GIVEN INFORMATION Block Start
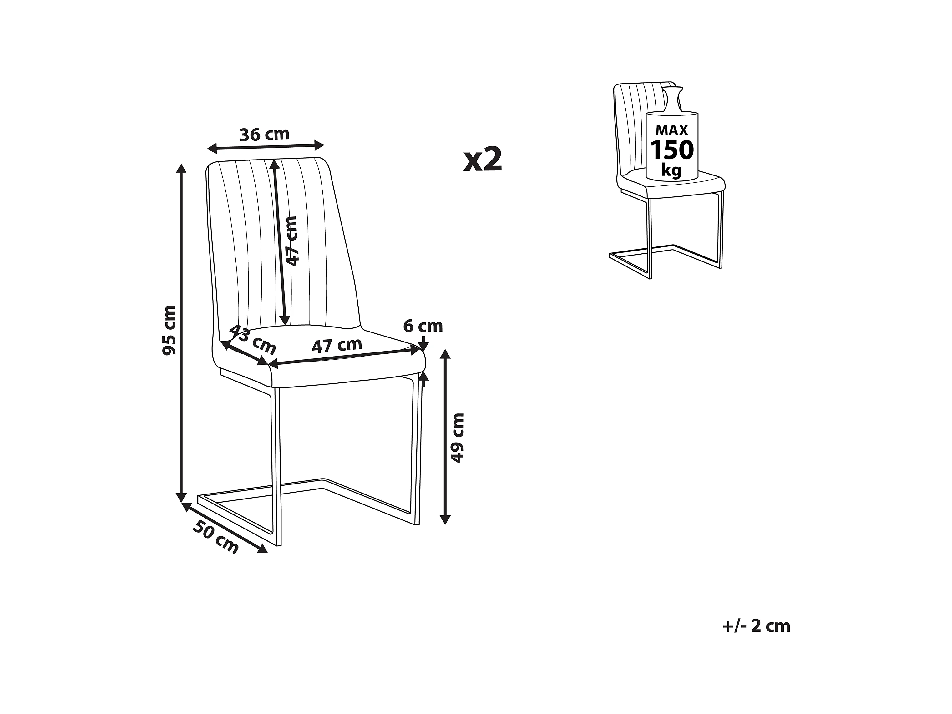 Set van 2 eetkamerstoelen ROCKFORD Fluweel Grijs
GIVEN INFORMATION Block End
GIVEN INFORMATION Block Start
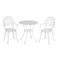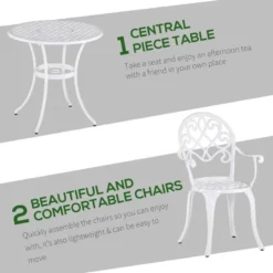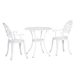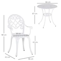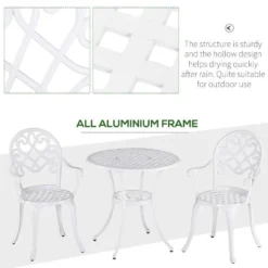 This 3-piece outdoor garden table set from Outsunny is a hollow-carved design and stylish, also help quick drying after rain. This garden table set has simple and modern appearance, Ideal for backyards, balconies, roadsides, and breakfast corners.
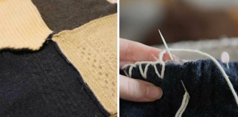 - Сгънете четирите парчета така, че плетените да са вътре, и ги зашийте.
GIVEN INFORMATION Block End
TASK OBJECTIVE:
From the records above, return exactly the lines running from the one that contains "This 3-piece outdoor" down to the one that contains "- Сгънете четирите", both included, without any pictures.

OUTPUT BELOW:
 This 3-piece outdoor garden table set from Outsunny is a hollow-carved design and stylish, also help quick drying after rain. This garden table set has simple and modern appearance, Ideal for backyards, balconies, roadsides, and breakfast corners.
 - Сгънете четирите парчета така, че плетените да са вътре, и ги зашийте.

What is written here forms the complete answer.